# Hey ladies, quick style question.



## Rivet (Sep 3, 2004)

There is a bit of discussion on the roadbike forum with regard to men riding in sleeveless jersey's. It seems one of the ladies there says they make her "want to vomit". Assuming the guy doesn't have any gross deformities on the upper arms and doesn't have a farmer tan is it that bad. I have to admit this is a bit self serving because I wear them sometimes and I don't need another reason to send women running the other way. Guys need not respond because well......I don't care what guys think. So, good, bad, indifferent?


----------



## formica (Jul 4, 2004)

wear what makes you happy.

You are either hot or not, the sleeve length on the jersey is irrelevant.


----------



## scubaklook (Apr 20, 2005)

*There are people on those things?*

I check out the bikes not the rider, so I wouldnt notice.


----------



## amg (Nov 8, 2004)

You would look silly in one if it was cold or raining. Dress according to the weather and ride comfort, not fashion. Well, except don't dress like the guys who tuck their t-shirts into bike shorts. That's just wrong.


----------



## connie (Mar 16, 2004)

They tend to look... not so good on some guys. HOWEVER - if you have nice enough arms, the more of them you're showing the better. 

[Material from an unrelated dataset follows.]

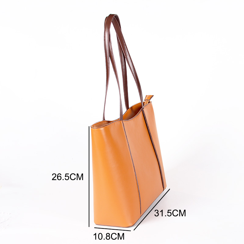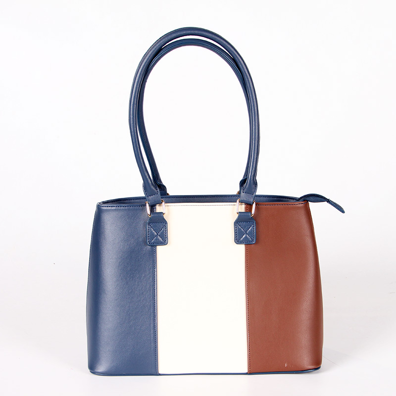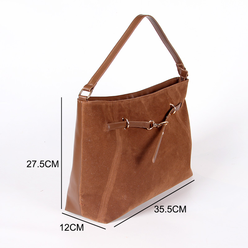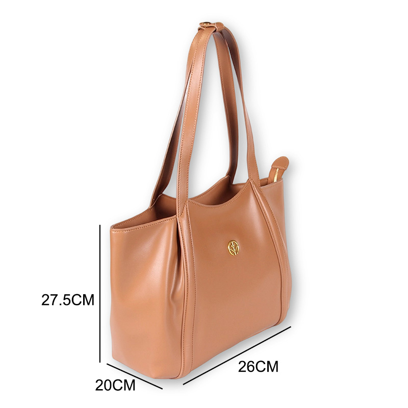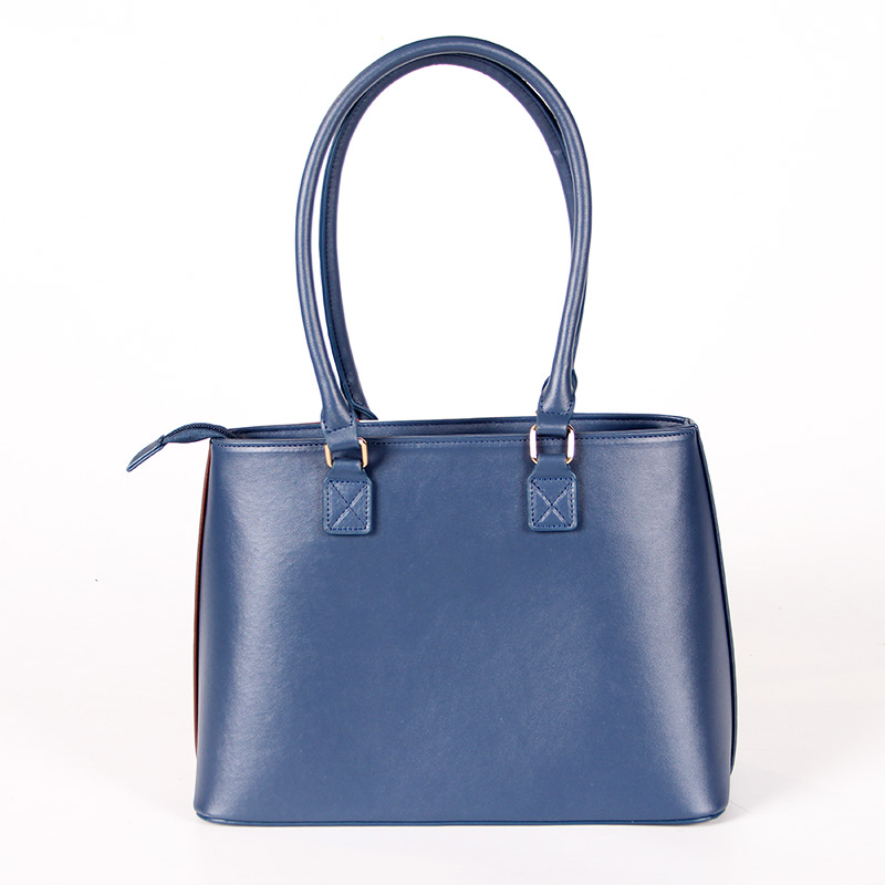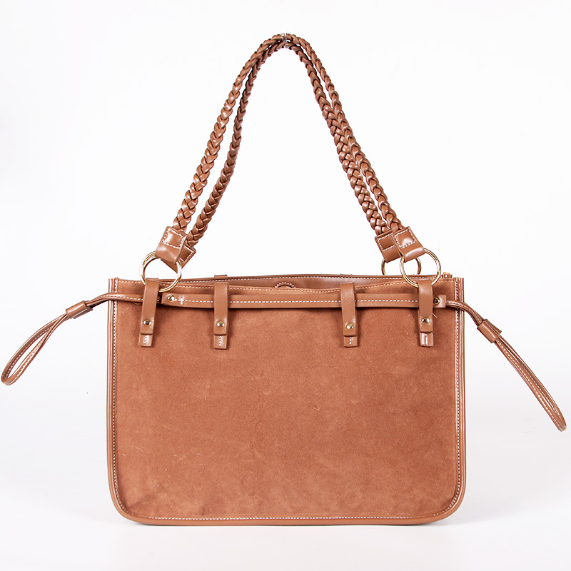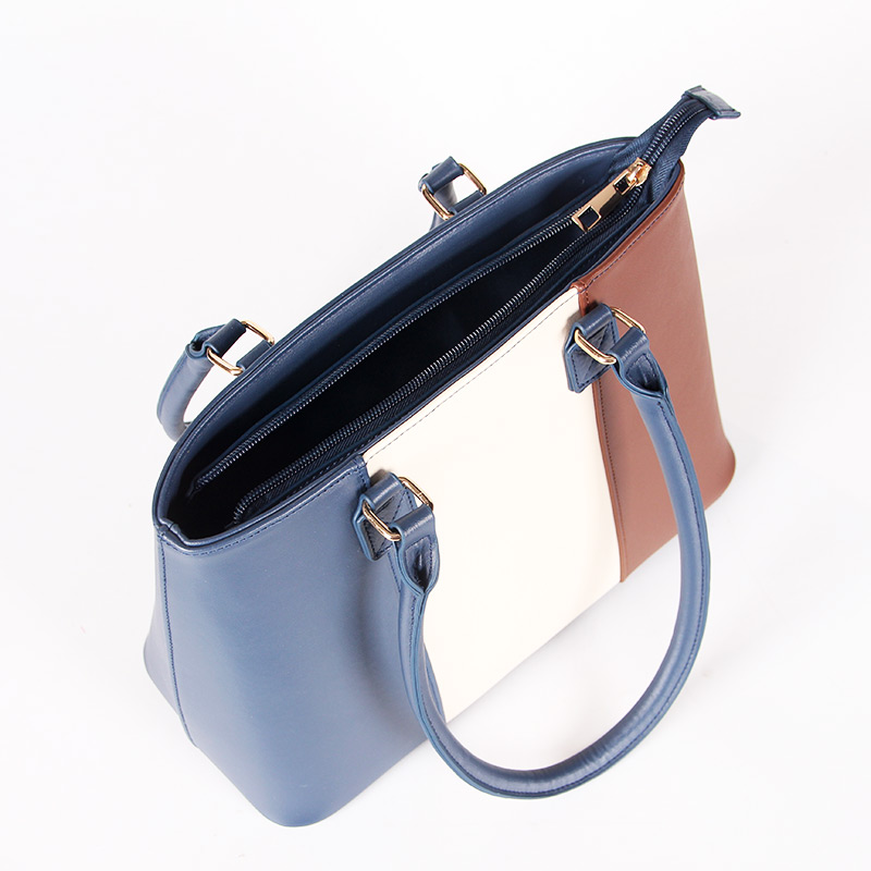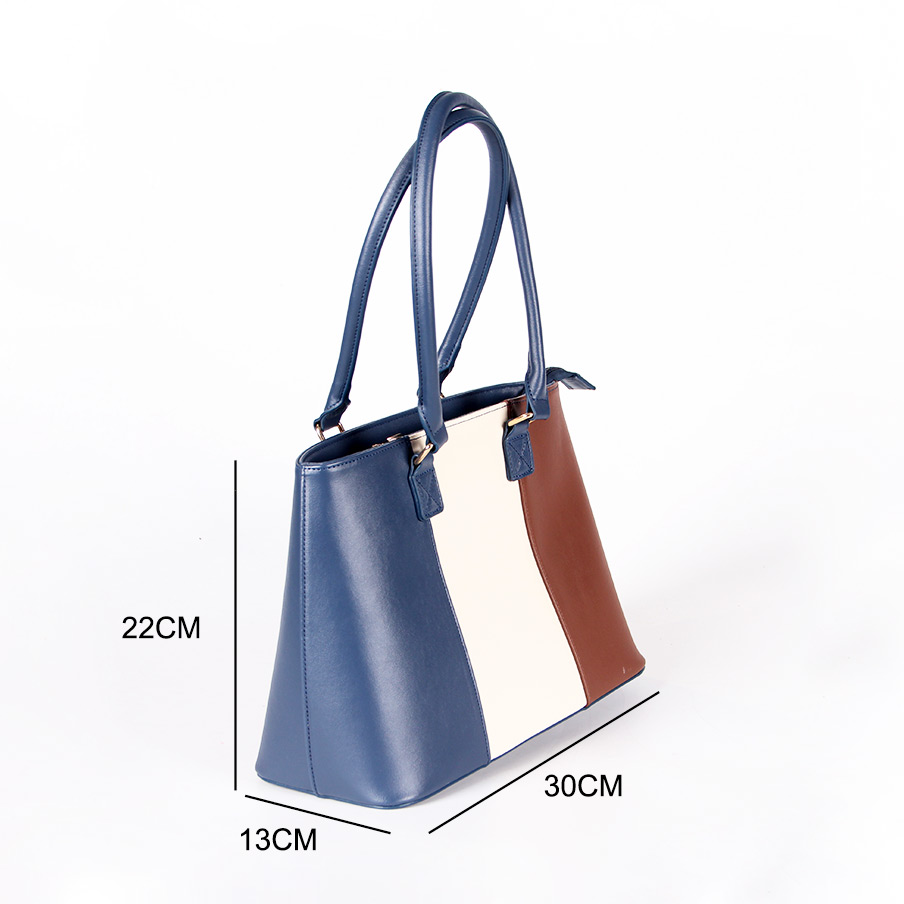 Tote bag with two handles. Model with magnetic button closure at the top. One belt strap with metal buckle for decoration. One zipper pocket inside.

But wear whatever you're comfortable and don't worry about it. Plus, as a general rule, confidence and being truly comfortable with yourself is probably the sexiest attribute you can have.


----------



## Christine (Feb 11, 2004)

Hmmm........I never really notice if a guy's wearing sleeveless or short sleeves. Either way, I can get a good look at muscular biceps. And even the heavier guys have muscular biceps. Even the skinnier ones do, too, guess it just comes from being a biker.....

....I'm sorry, what was the question again??


----------



## Sabine (Jan 12, 2004)

I'm a sucker for a nice set of biceps...but there's no hiding in a sleeveless jersey. If the arms are nice, I'm all for it...but if there's something like..heaven forbid..hair on the shoulder, then..no thanks.

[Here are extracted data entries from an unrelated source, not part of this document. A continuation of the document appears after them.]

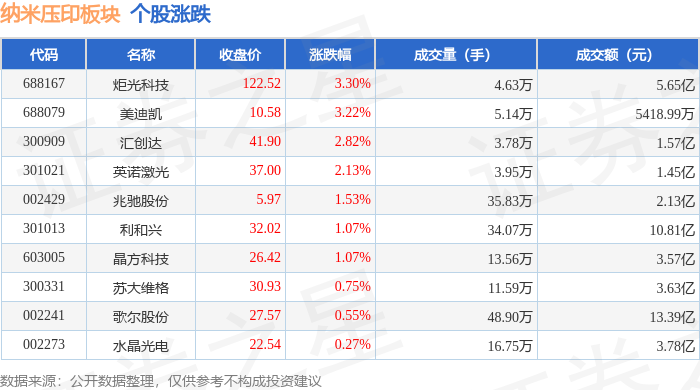 证券之星消息,11月24日纳米压印板块较上一交易日上涨1.01%,炬光科技领涨。当日上证指数报收于3836.77,上涨0.05%。深证成指报收于12585.08,上涨0.37%。纳米压印板块个股涨跌见下表: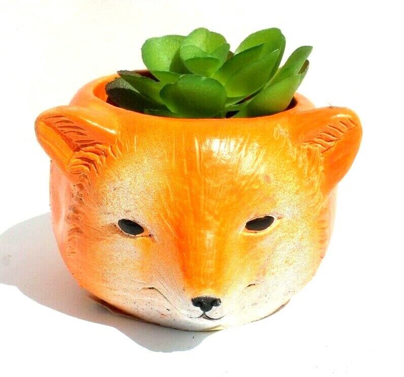 NEW Fox Face Thanksgiving / Halloween Ceramic Planter Plot W/ Succulents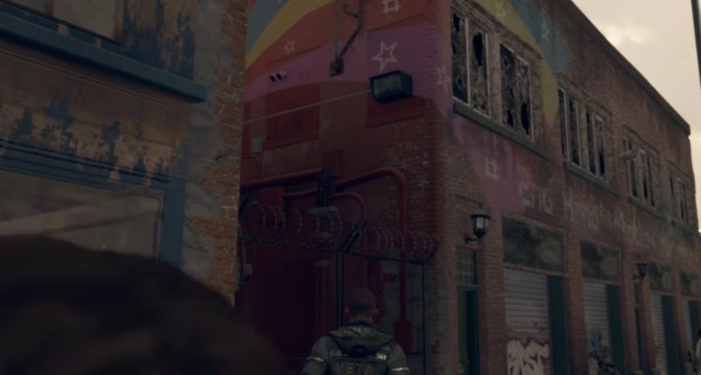 Continua attraverso il tetto e salta il muro oltre lo strapiombo. Una volta che scendi dall’altra parte, controlla l’edificio alto che ha un graffito rosso su di esso. Sembra più una pubblicità che un graffito, può essere facile da trascurare all’inizio proprio per questo motivo.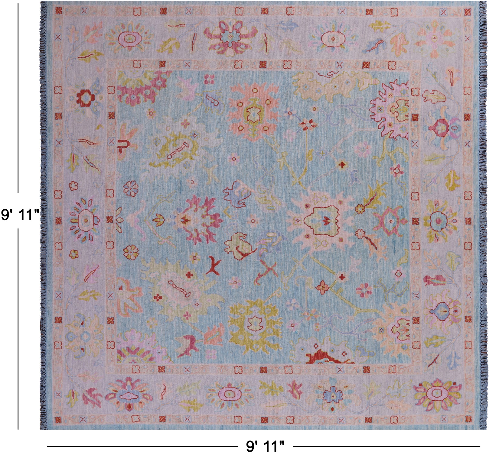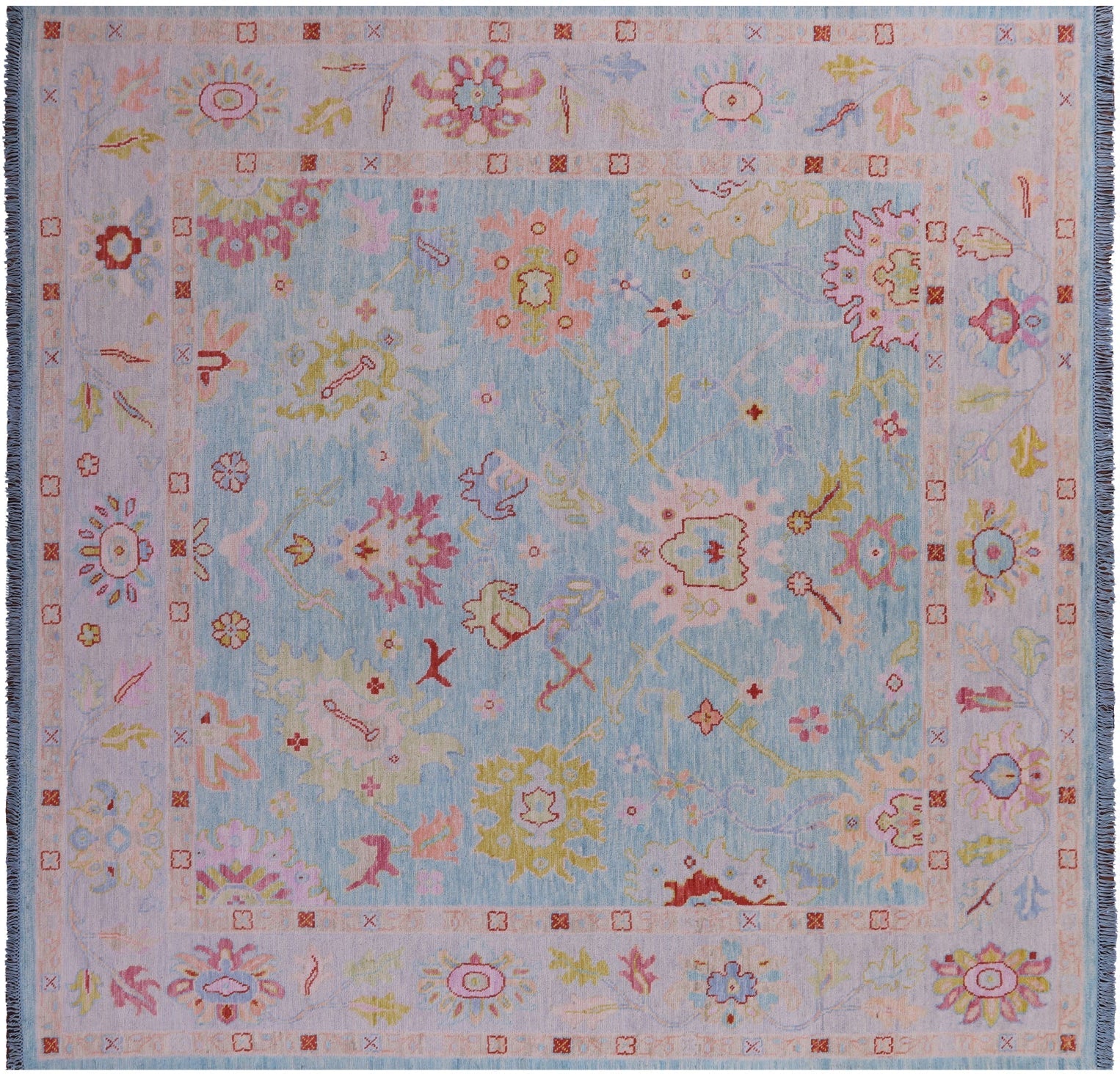 Blue 10' Square Turkish Angora Oushak Handmade Wool Rug - Q22687

I'll forgive tan lines though.

Sabine


----------



## phoenixrider (Mar 19, 2005)

*depends on where you are*

down here (phoenix, arizona) is too hot in the summer - like this morning (yikes!) and a lot of riders, women and men go sleeveless. like someone else said: if you have hairy upper arms and shoulder, PLEASE cover up!!


----------



## Hello Kitty (Sep 3, 2004)

Rivet said:


> There is a bit of discussion on the roadbike forum with regard to men riding in sleeveless jersey's. It seems one of the ladies there says they make her "want to vomit". Assuming the guy doesn't have any gross deformities on the upper arms and doesn't have a farmer tan is it that bad. I have to admit this is a bit self serving because I wear them sometimes and I don't need another reason to send women running the other way. Guys need not respond because well......I don't care what guys think. So, good, bad, indifferent?

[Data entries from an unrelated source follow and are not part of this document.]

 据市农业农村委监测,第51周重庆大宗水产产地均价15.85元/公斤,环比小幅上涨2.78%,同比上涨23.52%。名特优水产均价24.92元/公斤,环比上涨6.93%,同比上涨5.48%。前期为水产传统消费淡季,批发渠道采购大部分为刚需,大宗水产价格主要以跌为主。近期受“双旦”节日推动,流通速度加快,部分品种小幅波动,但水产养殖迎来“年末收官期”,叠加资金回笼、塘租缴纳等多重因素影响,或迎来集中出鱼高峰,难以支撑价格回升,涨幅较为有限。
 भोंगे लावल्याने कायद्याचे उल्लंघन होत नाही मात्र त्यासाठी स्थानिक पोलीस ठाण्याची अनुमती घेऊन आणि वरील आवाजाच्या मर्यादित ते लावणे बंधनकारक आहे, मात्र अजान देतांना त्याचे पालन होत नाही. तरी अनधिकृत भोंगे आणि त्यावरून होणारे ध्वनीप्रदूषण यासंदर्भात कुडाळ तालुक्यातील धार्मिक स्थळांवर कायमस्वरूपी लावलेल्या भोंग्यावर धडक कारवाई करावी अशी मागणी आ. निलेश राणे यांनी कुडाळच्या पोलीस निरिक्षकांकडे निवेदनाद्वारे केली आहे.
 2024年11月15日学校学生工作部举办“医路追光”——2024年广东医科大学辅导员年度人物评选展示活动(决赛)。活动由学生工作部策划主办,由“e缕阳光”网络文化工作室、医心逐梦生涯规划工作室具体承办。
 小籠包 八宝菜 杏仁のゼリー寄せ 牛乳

I couldn't care less what a guy wears when he rides, as long as he can, well. Style points aren't bought at the bike shop. That little fact is way too often ellusive to roadies.

Roadies can be _such _ a pain in the ass.


----------



## susannyny (Sep 7, 2004)

Rivet,

I've seen guys look smoking in sleeveless jersey's. I've also seen guys look not so hot in them. I'm happy to say that I never felt the urge to go and vomit regardless of which category they fell into.

You want to go sleeveless ..... go sleeveless!

In all likelihood, you wouldn't want to be involved with a woman who felt compelled to vomit based on your jersey selection.



Susan



Rivet said:


> There is a bit of discussion on the roadbike forum with regard to men riding in sleeveless jersey's. It seems one of the ladies there says they make her "want to vomit". Assuming the guy doesn't have any gross deformities on the upper arms and doesn't have a farmer tan is it that bad. I have to admit this is a bit self serving because I wear them sometimes and I don't need another reason to send women running the other way. Guys need not respond because well......I don't care what guys think. So, good, bad, indifferent?


----------



## brownieinSC (Apr 19, 2004)

*Never notice either*

If it is hot, dress accordingly. I generally would prefer not to see any massive amounts of underarm hair, esp if there is deoderant in it ....ick. Otherwise, be comfortable. just silly being overly hot in the summer for fashion when you are coated in mud. If you don't like what someone is wearing, don't look pricks


----------



## formica (Jul 4, 2004)

hair is hair, doesn't bother me too much. My mate's grown a little more over the years, such is life.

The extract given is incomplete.